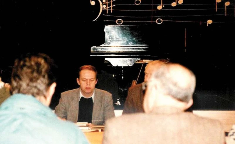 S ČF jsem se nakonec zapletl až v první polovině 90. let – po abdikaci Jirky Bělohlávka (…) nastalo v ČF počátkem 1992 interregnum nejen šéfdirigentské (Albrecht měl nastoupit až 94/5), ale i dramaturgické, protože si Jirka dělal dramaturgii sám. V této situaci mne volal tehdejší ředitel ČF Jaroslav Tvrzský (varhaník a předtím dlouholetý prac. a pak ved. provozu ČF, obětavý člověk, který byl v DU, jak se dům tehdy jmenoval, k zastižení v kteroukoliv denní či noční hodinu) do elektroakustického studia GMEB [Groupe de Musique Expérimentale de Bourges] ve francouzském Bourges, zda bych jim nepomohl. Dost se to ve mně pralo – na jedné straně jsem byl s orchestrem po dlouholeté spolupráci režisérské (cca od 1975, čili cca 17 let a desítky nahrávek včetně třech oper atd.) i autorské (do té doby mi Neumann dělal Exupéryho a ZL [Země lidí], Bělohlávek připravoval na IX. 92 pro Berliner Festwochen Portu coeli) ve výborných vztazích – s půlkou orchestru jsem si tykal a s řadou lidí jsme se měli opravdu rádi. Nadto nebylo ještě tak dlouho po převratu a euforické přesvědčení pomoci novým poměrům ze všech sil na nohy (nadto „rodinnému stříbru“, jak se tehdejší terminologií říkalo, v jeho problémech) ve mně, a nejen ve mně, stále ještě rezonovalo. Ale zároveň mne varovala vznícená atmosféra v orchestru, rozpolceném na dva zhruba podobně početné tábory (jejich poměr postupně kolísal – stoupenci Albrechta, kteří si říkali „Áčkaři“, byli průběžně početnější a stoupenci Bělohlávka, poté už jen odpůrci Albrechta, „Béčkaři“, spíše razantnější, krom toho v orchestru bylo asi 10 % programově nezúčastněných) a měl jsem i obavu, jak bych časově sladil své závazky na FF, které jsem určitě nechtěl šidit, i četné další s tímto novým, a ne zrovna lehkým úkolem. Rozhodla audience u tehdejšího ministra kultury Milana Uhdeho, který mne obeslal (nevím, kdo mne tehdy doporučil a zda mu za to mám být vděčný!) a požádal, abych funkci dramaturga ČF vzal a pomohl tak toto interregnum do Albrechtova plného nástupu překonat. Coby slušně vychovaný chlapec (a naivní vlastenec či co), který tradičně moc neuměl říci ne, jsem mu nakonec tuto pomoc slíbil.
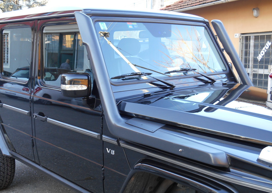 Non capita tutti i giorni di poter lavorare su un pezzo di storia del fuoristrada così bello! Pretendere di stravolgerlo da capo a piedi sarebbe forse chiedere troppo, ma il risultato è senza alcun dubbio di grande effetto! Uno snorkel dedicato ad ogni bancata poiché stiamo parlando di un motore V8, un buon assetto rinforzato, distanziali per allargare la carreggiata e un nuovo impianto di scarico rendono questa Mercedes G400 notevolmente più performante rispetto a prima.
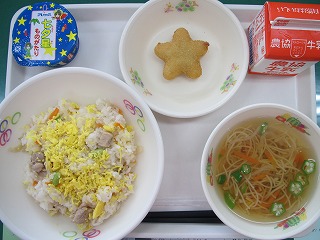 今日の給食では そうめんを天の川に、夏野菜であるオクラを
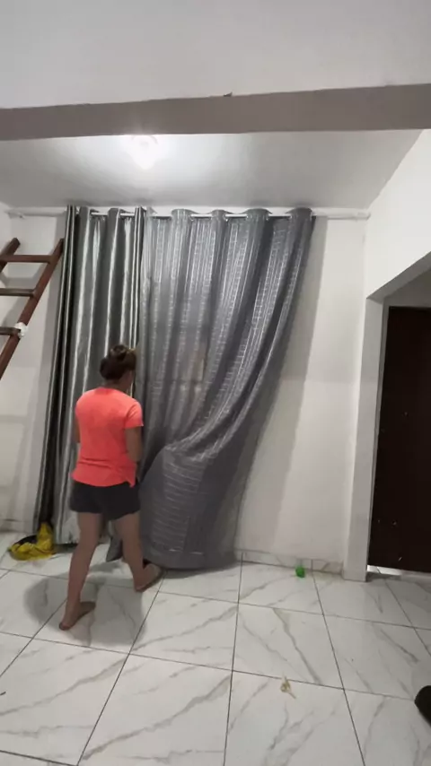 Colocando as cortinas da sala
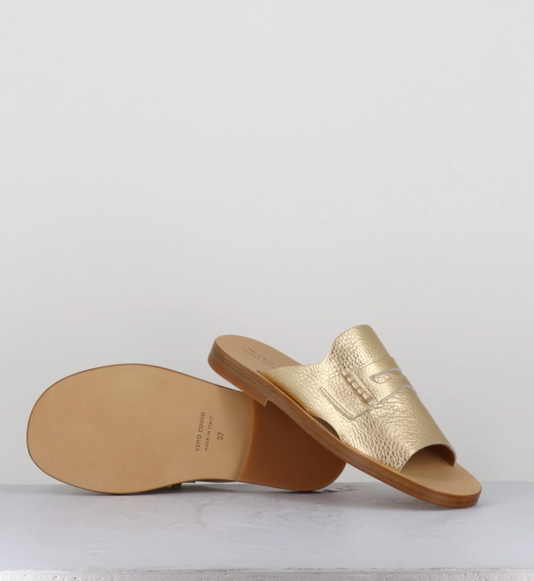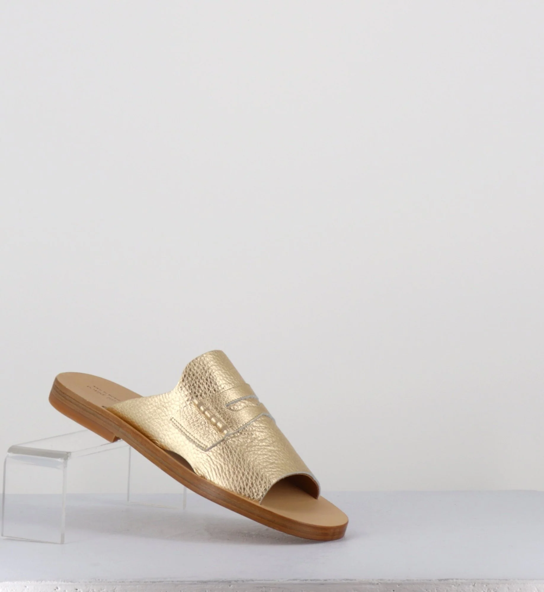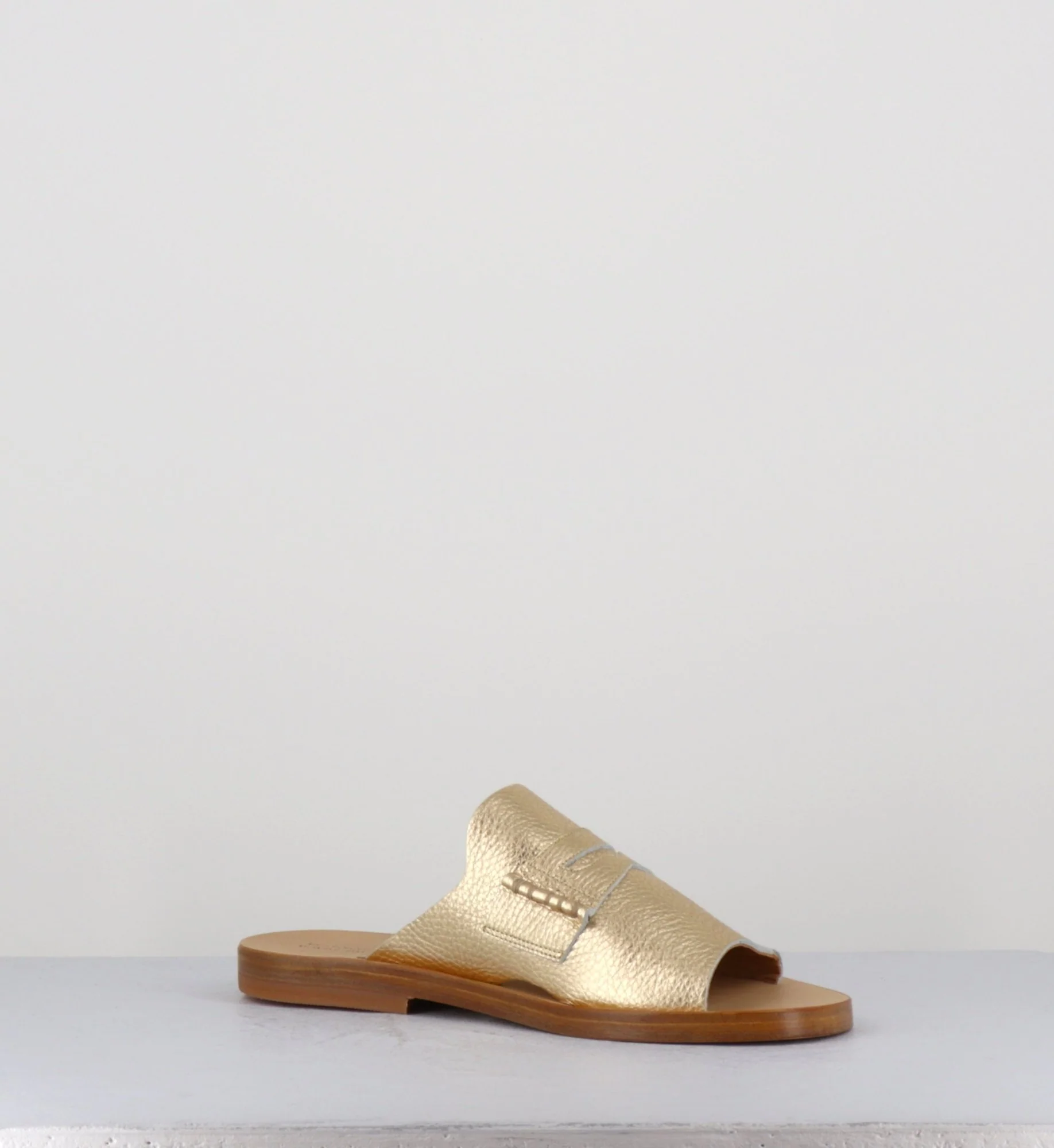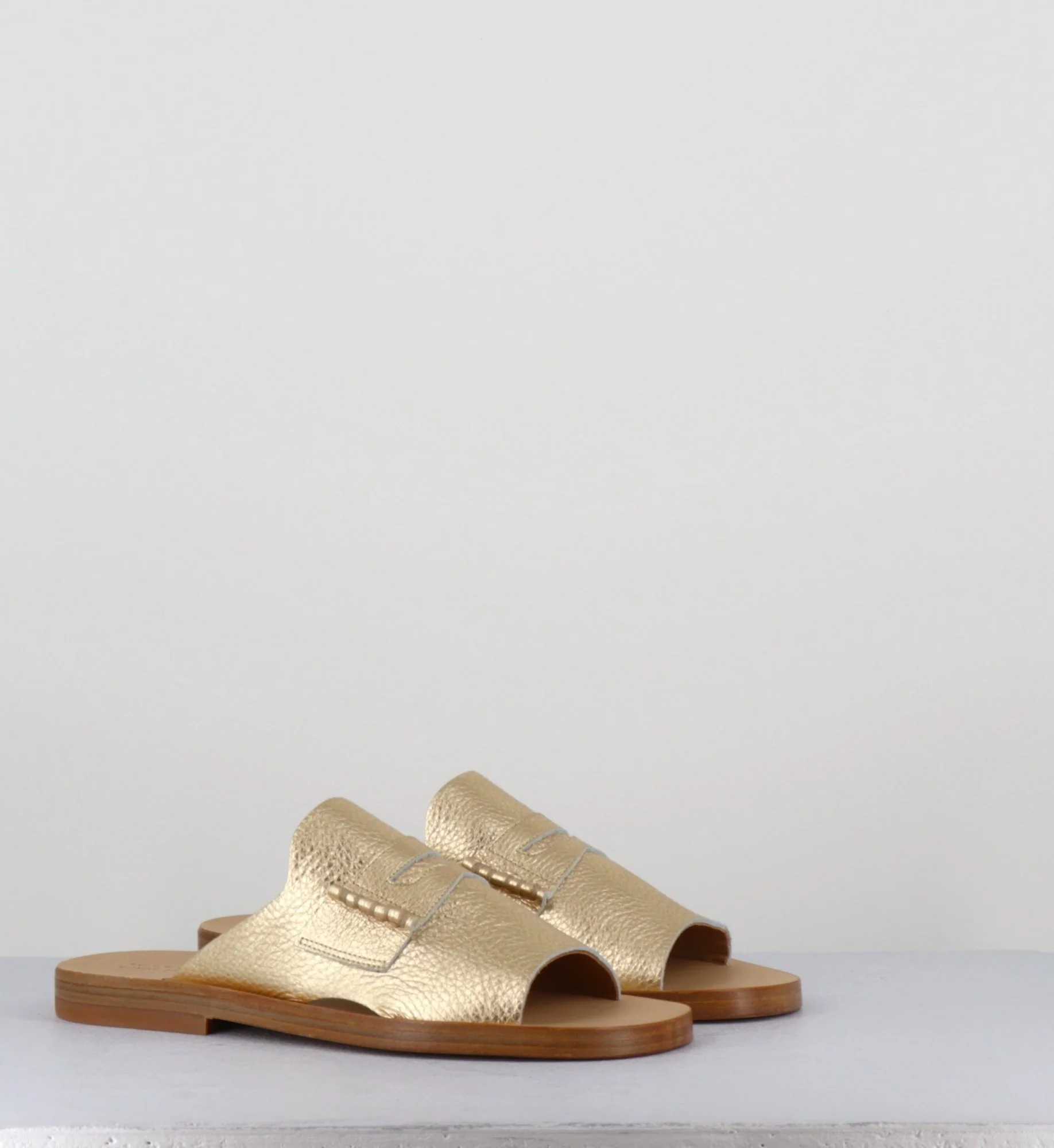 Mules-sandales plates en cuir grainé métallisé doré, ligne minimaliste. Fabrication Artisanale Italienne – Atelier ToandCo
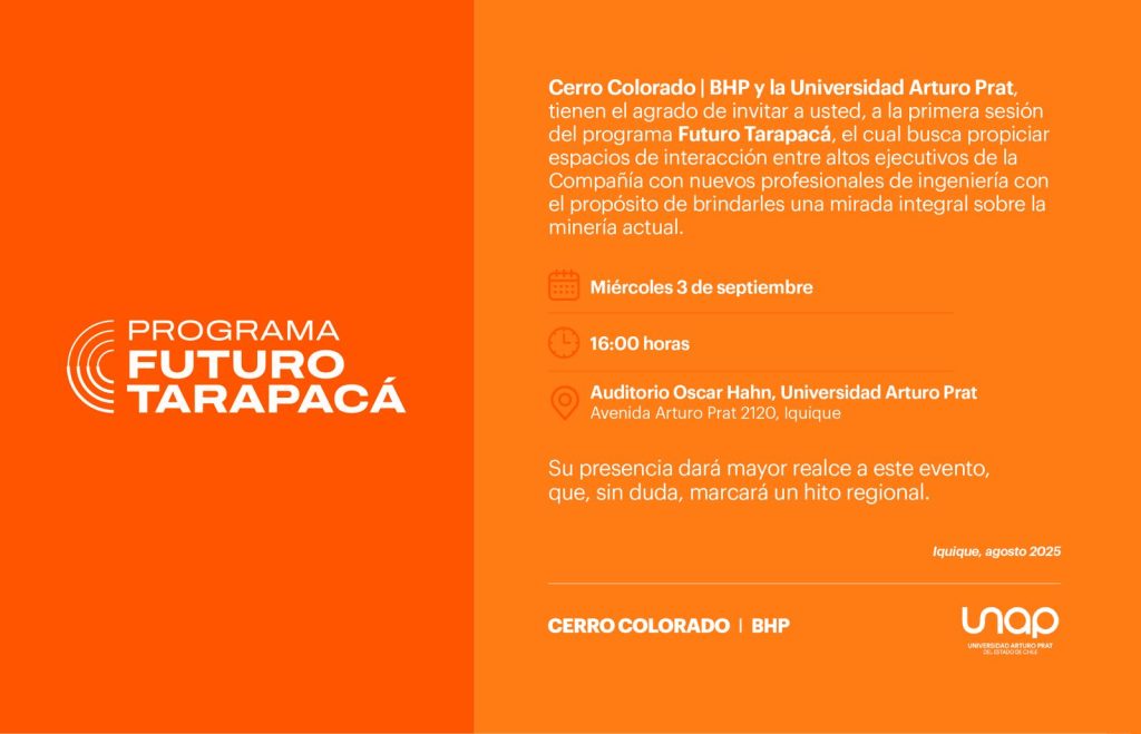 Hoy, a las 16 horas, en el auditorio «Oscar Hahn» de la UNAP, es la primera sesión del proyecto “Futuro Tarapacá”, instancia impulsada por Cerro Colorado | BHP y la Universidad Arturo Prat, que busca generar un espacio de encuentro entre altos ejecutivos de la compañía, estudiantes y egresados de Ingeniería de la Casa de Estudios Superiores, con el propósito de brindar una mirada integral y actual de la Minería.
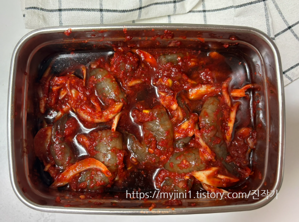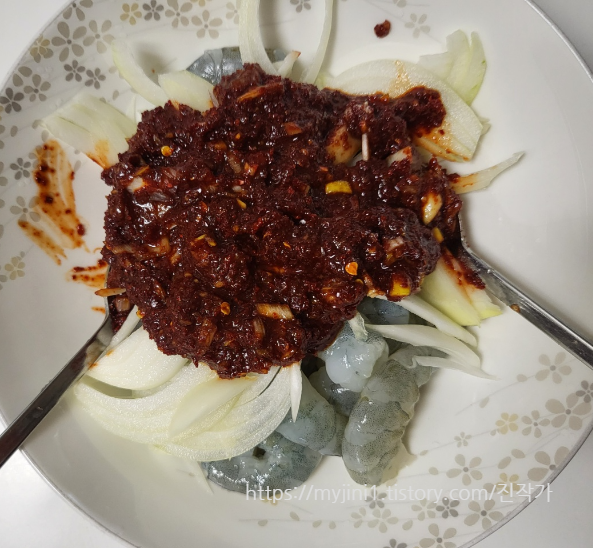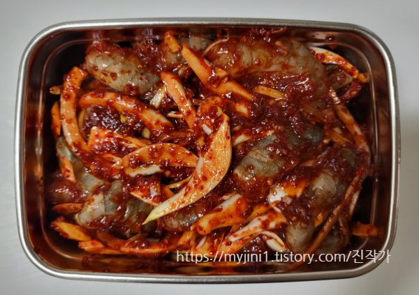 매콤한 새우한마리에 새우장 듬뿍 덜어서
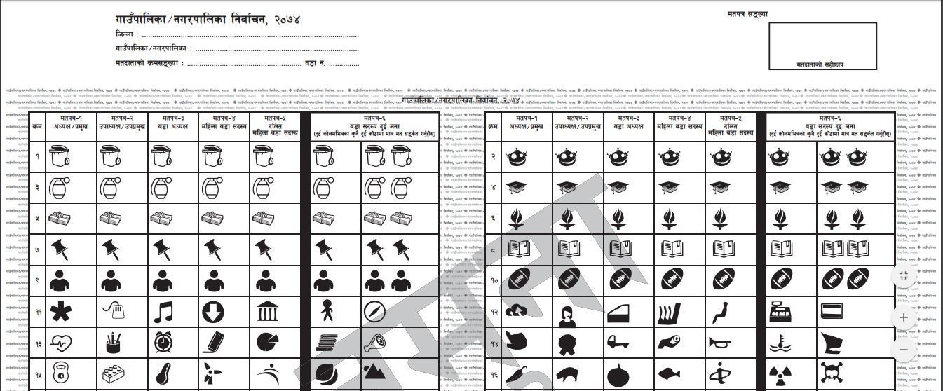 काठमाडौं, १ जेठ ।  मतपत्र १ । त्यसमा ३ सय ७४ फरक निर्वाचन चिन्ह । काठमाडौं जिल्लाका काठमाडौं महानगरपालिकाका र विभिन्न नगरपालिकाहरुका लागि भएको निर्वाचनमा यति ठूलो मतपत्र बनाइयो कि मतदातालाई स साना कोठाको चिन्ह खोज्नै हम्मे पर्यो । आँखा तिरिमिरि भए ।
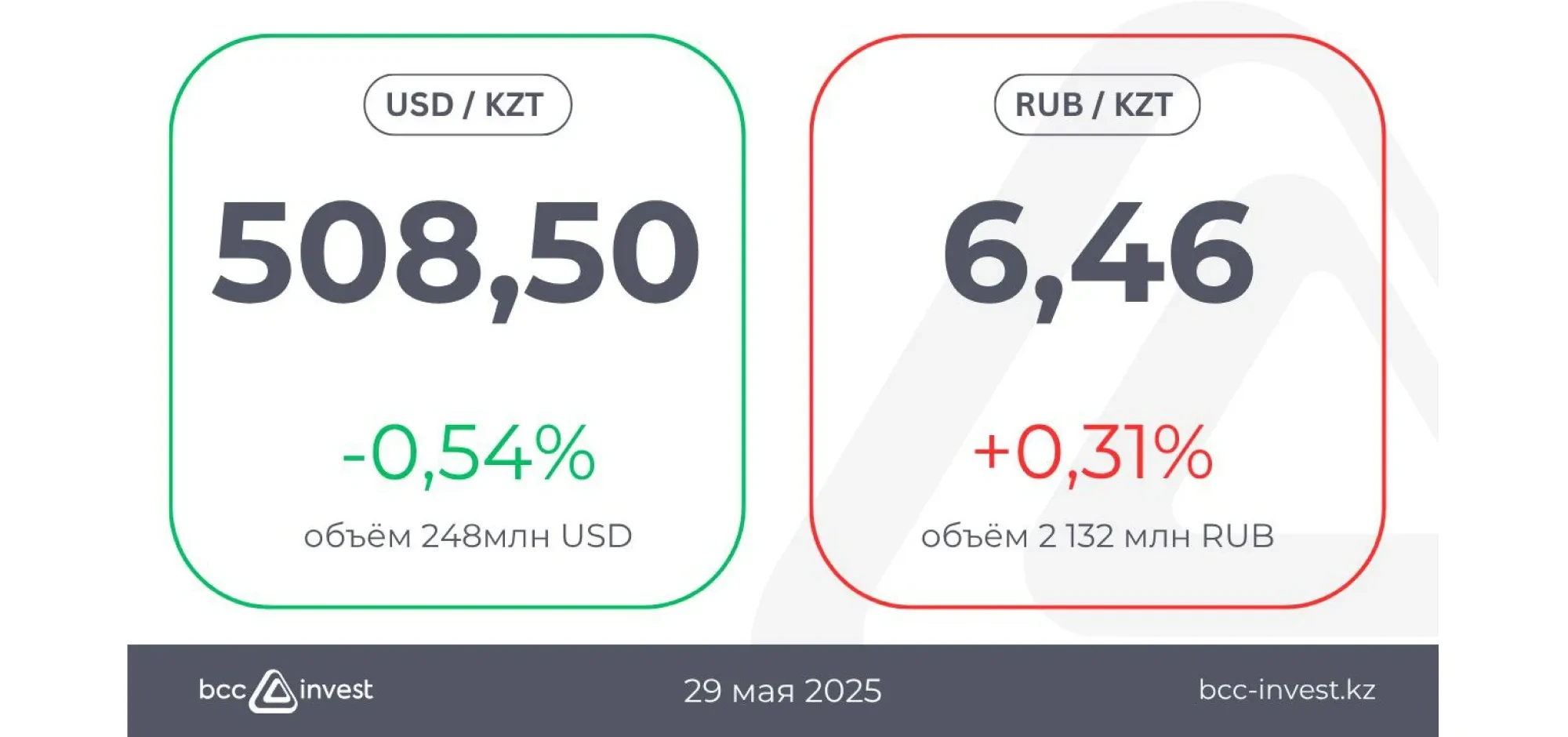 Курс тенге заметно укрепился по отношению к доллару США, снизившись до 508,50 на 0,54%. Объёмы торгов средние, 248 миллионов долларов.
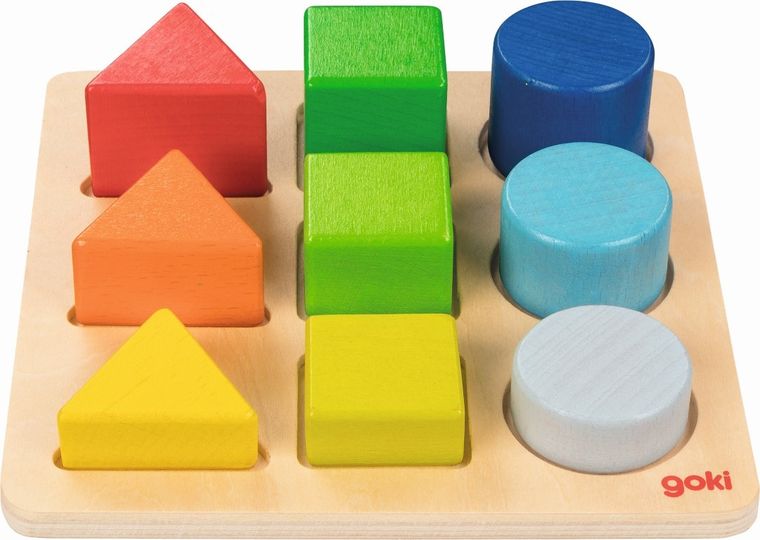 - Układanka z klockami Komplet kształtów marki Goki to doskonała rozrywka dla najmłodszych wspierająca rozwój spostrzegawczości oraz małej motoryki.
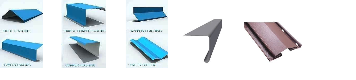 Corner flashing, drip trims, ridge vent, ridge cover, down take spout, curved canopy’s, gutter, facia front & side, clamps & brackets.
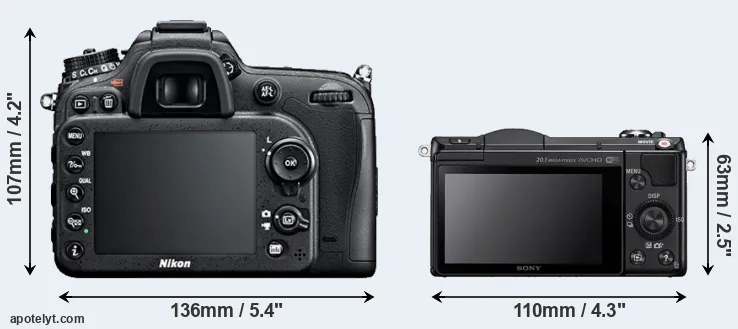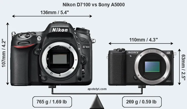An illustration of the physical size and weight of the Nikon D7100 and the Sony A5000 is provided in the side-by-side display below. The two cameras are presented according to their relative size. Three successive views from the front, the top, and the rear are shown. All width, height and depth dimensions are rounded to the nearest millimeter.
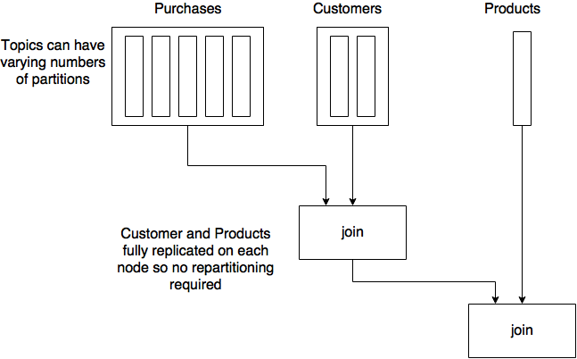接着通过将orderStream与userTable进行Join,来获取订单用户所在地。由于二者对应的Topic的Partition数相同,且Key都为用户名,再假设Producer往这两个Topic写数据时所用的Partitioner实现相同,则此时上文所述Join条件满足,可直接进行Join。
.....
_Task statement_
Print, exactly and with no pictures, the lines of the listing above starting at the one that has "- Układanka z" and ending at the one that has "Corner flashing, drip", both included.

_Exercise solution_
 - Układanka z klockami Komplet kształtów marki Goki to doskonała rozrywka dla najmłodszych wspierająca rozwój spostrzegawczości oraz małej motoryki.
 Corner flashing, drip trims, ridge vent, ridge cover, down take spout, curved canopy’s, gutter, facia front & side, clamps & brackets.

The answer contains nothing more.